[Material to process — start]

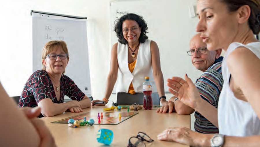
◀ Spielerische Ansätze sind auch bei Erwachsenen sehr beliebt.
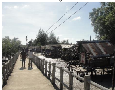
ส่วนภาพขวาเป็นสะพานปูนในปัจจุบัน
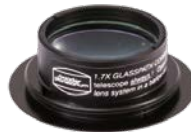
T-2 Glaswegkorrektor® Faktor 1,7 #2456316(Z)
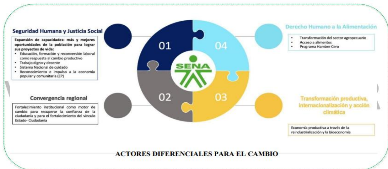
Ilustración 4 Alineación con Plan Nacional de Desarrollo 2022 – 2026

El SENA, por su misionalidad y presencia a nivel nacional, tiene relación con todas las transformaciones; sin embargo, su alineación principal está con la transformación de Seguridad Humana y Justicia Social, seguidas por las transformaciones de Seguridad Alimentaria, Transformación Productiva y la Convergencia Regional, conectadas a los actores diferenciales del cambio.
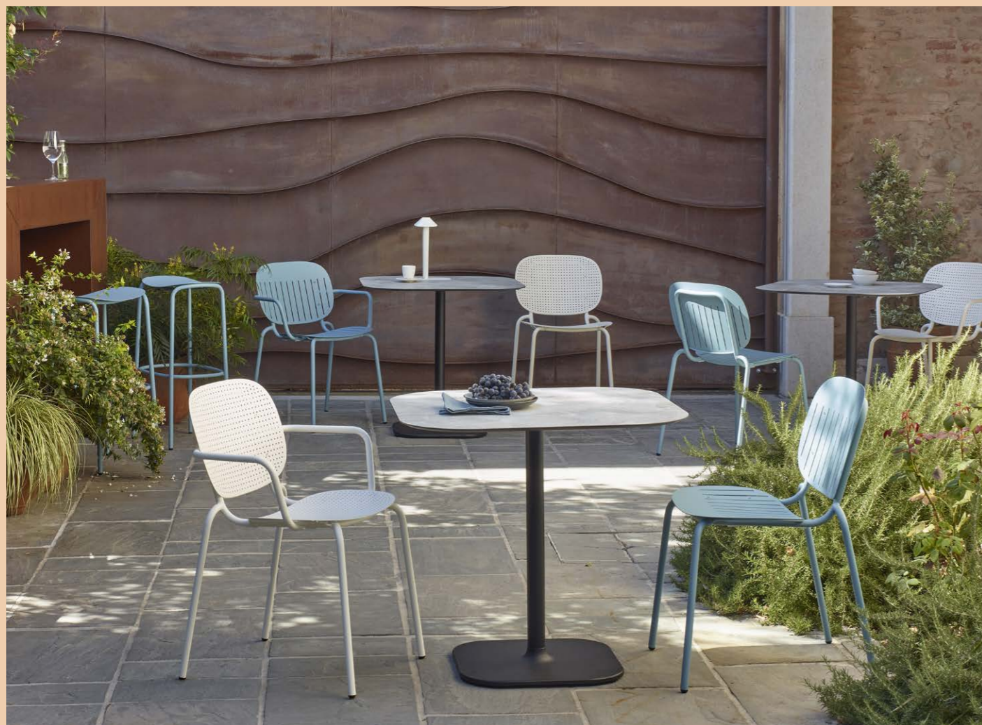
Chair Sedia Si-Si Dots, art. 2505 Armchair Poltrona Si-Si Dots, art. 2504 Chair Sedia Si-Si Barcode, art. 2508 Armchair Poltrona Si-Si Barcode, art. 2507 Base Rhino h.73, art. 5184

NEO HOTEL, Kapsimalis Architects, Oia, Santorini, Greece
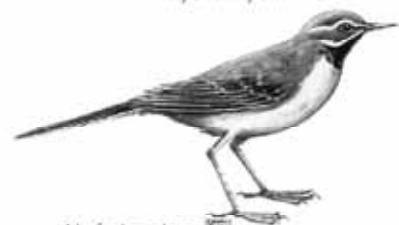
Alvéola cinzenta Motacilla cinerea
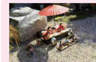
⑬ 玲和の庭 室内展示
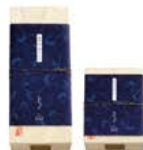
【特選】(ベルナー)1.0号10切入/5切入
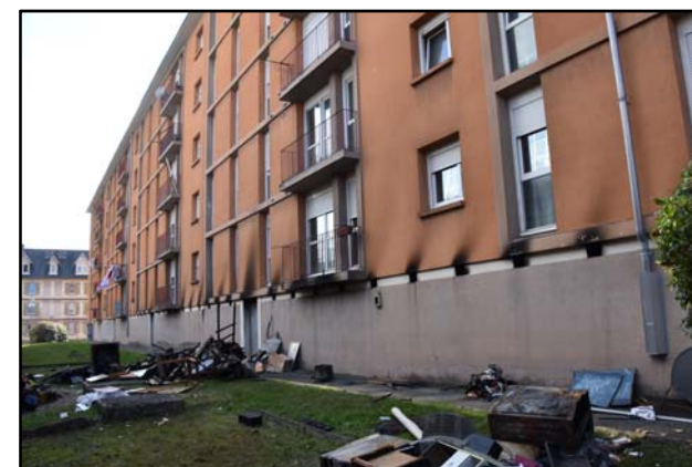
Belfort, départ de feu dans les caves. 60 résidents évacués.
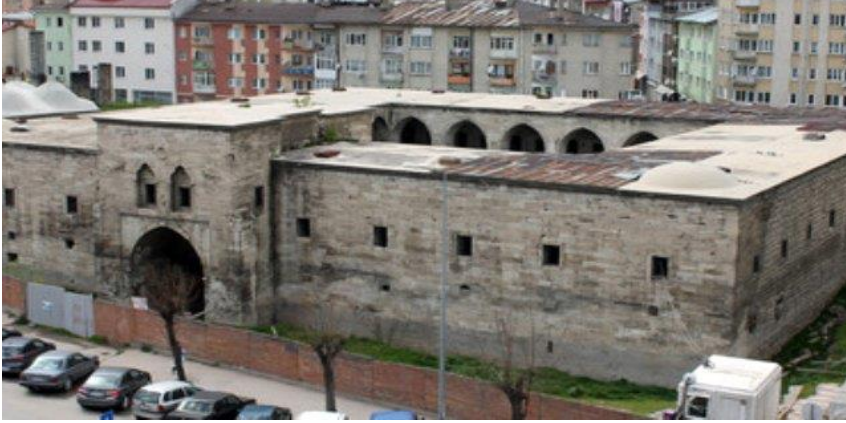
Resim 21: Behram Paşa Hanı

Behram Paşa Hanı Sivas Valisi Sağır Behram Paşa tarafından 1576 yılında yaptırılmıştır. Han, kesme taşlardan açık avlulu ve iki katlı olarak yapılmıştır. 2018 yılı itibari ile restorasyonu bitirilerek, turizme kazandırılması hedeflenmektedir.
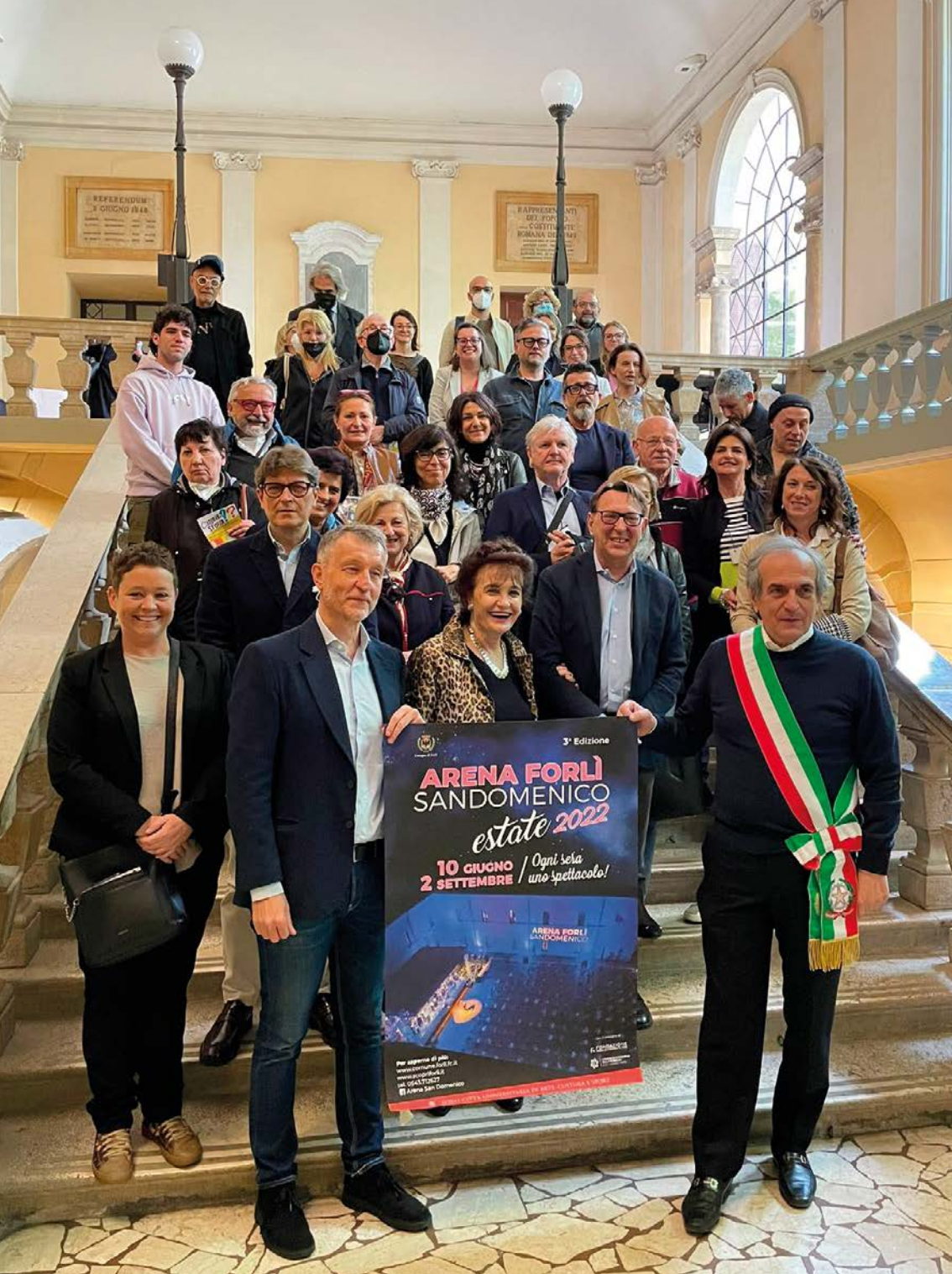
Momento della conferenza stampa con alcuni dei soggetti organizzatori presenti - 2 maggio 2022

[Material to process — finish]

** Aim of the exercise **
Beginning with the line with "NEO HOTEL, Kapsimalis", repeat the entries above exactly, up to and including the last line, leaving out pictures.

** Final answer **
NEO HOTEL, Kapsimalis Architects, Oia, Santorini, Greece
Alvéola cinzenta Motacilla cinerea
⑬ 玲和の庭 室内展示
【特選】(ベルナー)1.0号10切入/5切入
Belfort, départ de feu dans les caves. 60 résidents évacués.
Resim 21: Behram Paşa Hanı

Behram Paşa Hanı Sivas Valisi Sağır Behram Paşa tarafından 1576 yılında yaptırılmıştır. Han, kesme taşlardan açık avlulu ve iki katlı olarak yapılmıştır. 2018 yılı itibari ile restorasyonu bitirilerek, turizme kazandırılması hedeflenmektedir.
Momento della conferenza stampa con alcuni dei soggetti organizzatori presenti - 2 maggio 2022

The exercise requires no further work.